• _PROBLEM TO SOLVE_:
From the first line of the entries below through the line holding "汉王(Hanvon)DS-1", write out every line exactly, please, and leave out the pictures.

• _AVAILABLE DATA_:
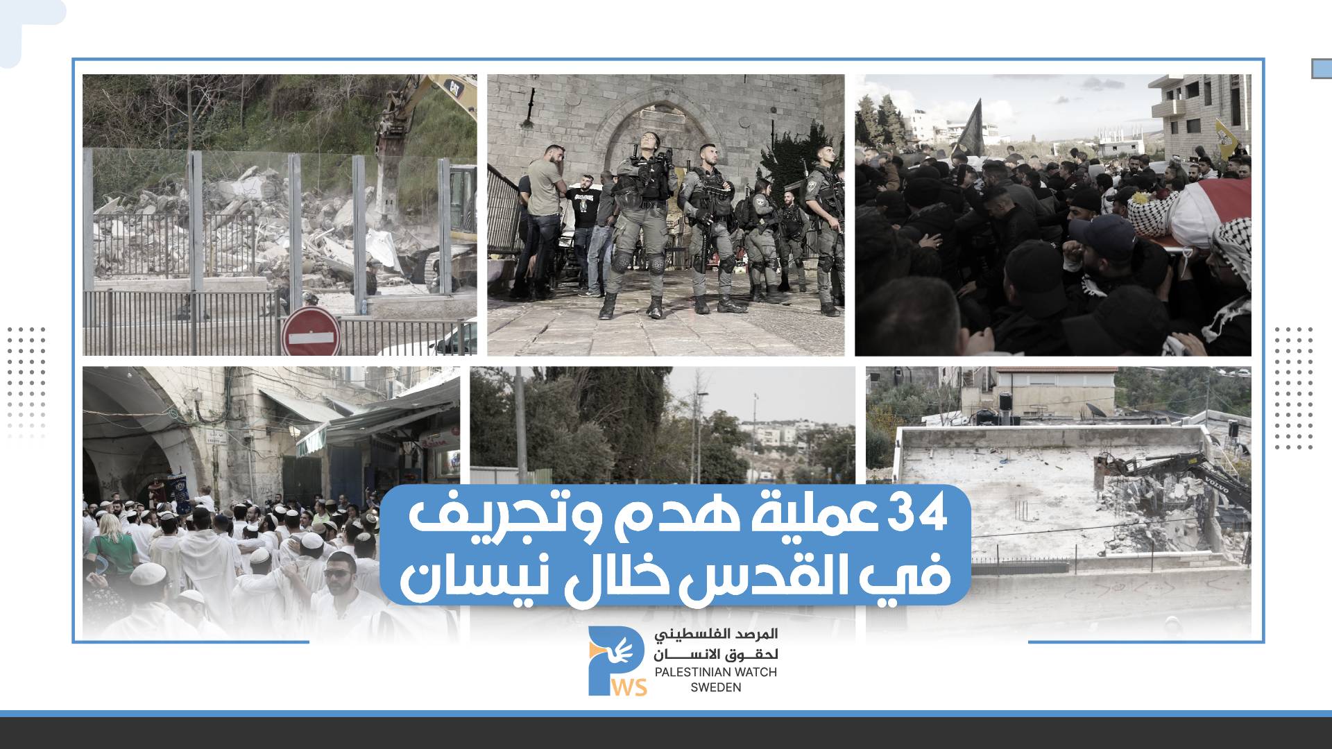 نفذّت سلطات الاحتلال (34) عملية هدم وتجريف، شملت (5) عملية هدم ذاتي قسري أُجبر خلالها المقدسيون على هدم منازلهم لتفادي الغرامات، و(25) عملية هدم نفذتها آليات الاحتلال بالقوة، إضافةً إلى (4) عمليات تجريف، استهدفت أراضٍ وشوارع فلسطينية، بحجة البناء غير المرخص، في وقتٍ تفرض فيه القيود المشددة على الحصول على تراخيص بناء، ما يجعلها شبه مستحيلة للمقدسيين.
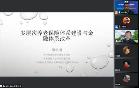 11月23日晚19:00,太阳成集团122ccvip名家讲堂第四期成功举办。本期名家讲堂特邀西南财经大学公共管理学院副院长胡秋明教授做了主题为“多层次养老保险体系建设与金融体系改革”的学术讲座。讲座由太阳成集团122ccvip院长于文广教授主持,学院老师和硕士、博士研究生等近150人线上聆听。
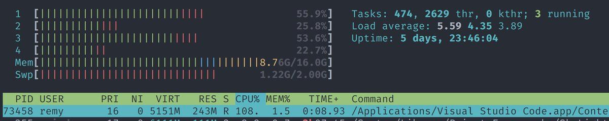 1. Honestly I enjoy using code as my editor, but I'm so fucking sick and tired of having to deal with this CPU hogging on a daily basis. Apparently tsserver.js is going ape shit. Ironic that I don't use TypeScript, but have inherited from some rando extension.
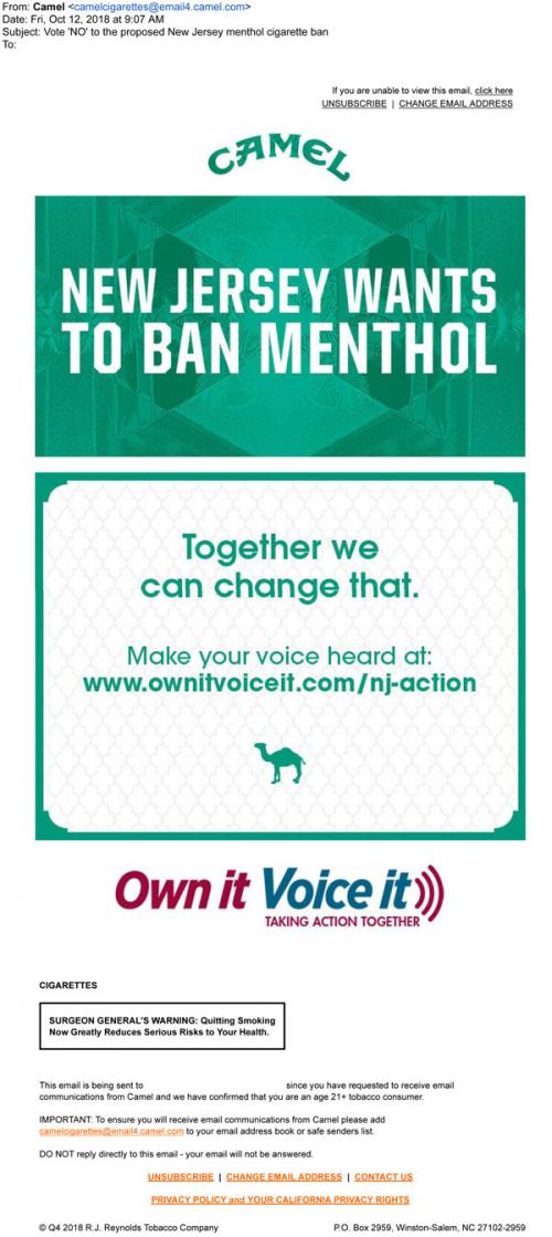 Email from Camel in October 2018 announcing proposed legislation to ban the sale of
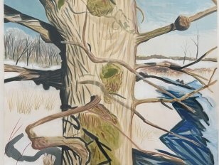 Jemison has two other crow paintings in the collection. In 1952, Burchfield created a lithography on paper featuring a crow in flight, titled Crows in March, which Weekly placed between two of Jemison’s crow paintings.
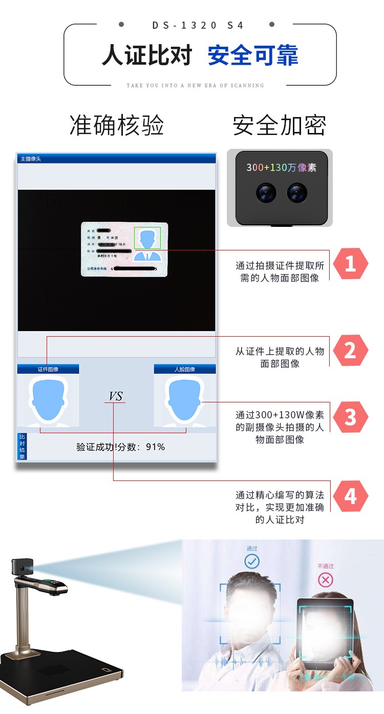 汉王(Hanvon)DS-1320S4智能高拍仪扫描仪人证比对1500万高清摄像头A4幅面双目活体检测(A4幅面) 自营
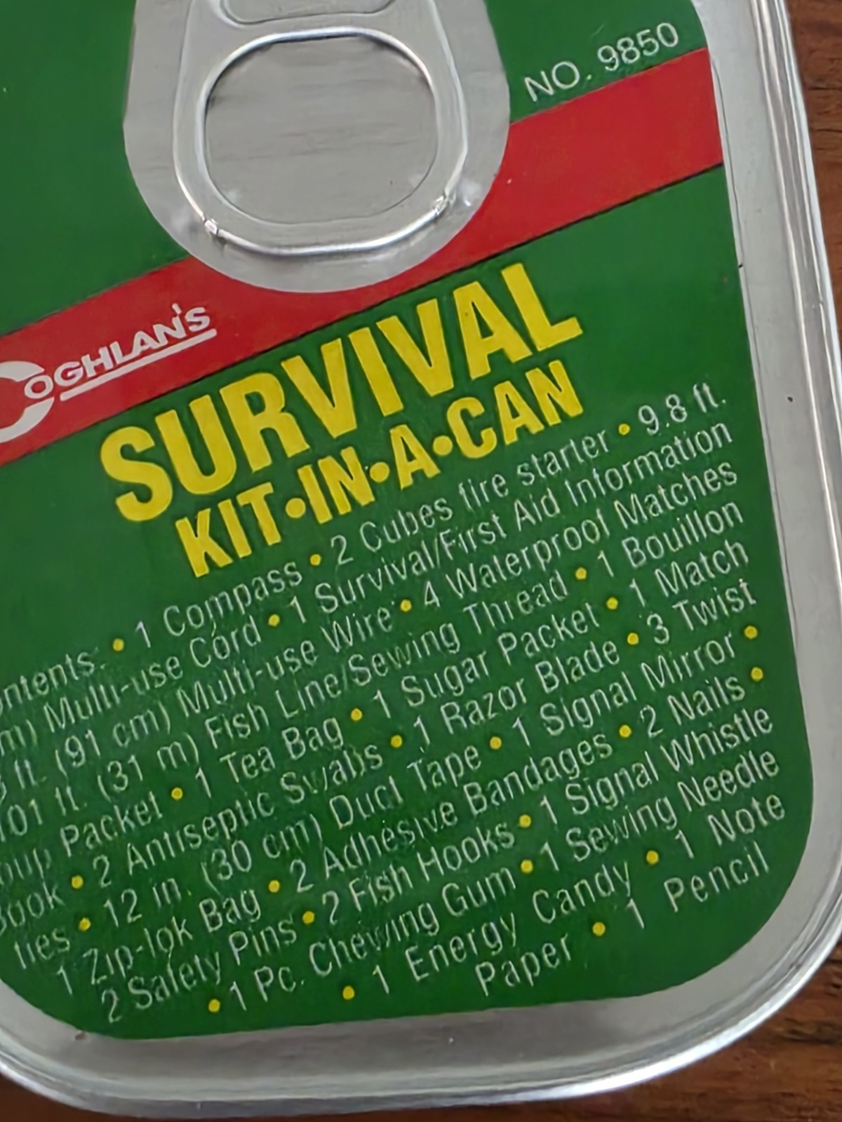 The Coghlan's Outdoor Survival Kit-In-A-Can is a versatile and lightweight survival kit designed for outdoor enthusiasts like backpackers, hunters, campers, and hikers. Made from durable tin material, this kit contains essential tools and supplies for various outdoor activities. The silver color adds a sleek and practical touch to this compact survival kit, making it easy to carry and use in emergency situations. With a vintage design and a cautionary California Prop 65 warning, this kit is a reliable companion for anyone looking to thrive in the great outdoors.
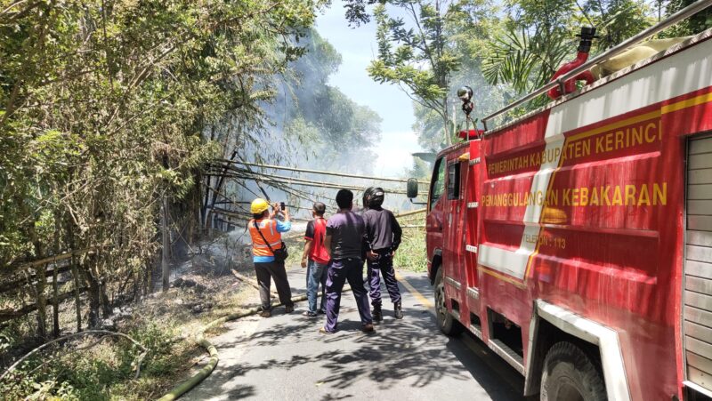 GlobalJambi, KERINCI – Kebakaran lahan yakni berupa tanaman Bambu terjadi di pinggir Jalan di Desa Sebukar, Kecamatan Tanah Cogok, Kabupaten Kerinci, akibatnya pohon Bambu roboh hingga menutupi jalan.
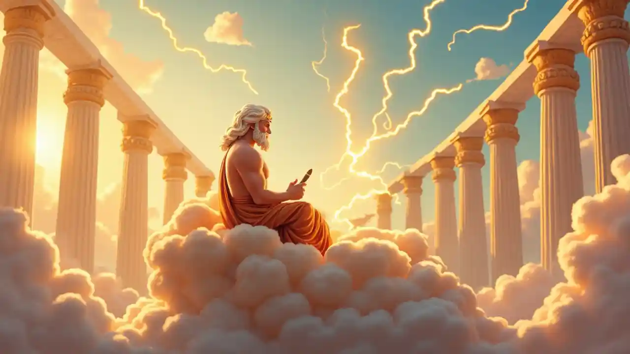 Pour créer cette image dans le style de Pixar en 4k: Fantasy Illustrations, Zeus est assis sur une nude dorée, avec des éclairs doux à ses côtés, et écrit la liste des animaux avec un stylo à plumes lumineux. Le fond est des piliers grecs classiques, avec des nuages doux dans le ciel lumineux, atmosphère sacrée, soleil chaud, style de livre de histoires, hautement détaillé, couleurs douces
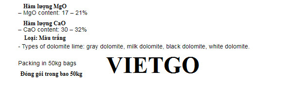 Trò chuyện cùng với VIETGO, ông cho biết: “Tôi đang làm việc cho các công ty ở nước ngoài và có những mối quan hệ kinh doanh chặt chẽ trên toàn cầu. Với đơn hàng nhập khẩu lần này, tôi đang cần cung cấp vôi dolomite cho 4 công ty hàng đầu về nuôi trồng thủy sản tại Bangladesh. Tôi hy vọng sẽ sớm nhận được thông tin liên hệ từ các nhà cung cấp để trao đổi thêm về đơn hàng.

• _WRITTEN SOLUTION_:
 نفذّت سلطات الاحتلال (34) عملية هدم وتجريف، شملت (5) عملية هدم ذاتي قسري أُجبر خلالها المقدسيون على هدم منازلهم لتفادي الغرامات، و(25) عملية هدم نفذتها آليات الاحتلال بالقوة، إضافةً إلى (4) عمليات تجريف، استهدفت أراضٍ وشوارع فلسطينية، بحجة البناء غير المرخص، في وقتٍ تفرض فيه القيود المشددة على الحصول على تراخيص بناء، ما يجعلها شبه مستحيلة للمقدسيين.
 11月23日晚19:00,太阳成集团122ccvip名家讲堂第四期成功举办。本期名家讲堂特邀西南财经大学公共管理学院副院长胡秋明教授做了主题为“多层次养老保险体系建设与金融体系改革”的学术讲座。讲座由太阳成集团122ccvip院长于文广教授主持,学院老师和硕士、博士研究生等近150人线上聆听。
 1. Honestly I enjoy using code as my editor, but I'm so fucking sick and tired of having to deal with this CPU hogging on a daily basis. Apparently tsserver.js is going ape shit. Ironic that I don't use TypeScript, but have inherited from some rando extension.
 Email from Camel in October 2018 announcing proposed legislation to ban the sale of
 Jemison has two other crow paintings in the collection. In 1952, Burchfield created a lithography on paper featuring a crow in flight, titled Crows in March, which Weekly placed between two of Jemison’s crow paintings.
 汉王(Hanvon)DS-1320S4智能高拍仪扫描仪人证比对1500万高清摄像头A4幅面双目活体检测(A4幅面) 自营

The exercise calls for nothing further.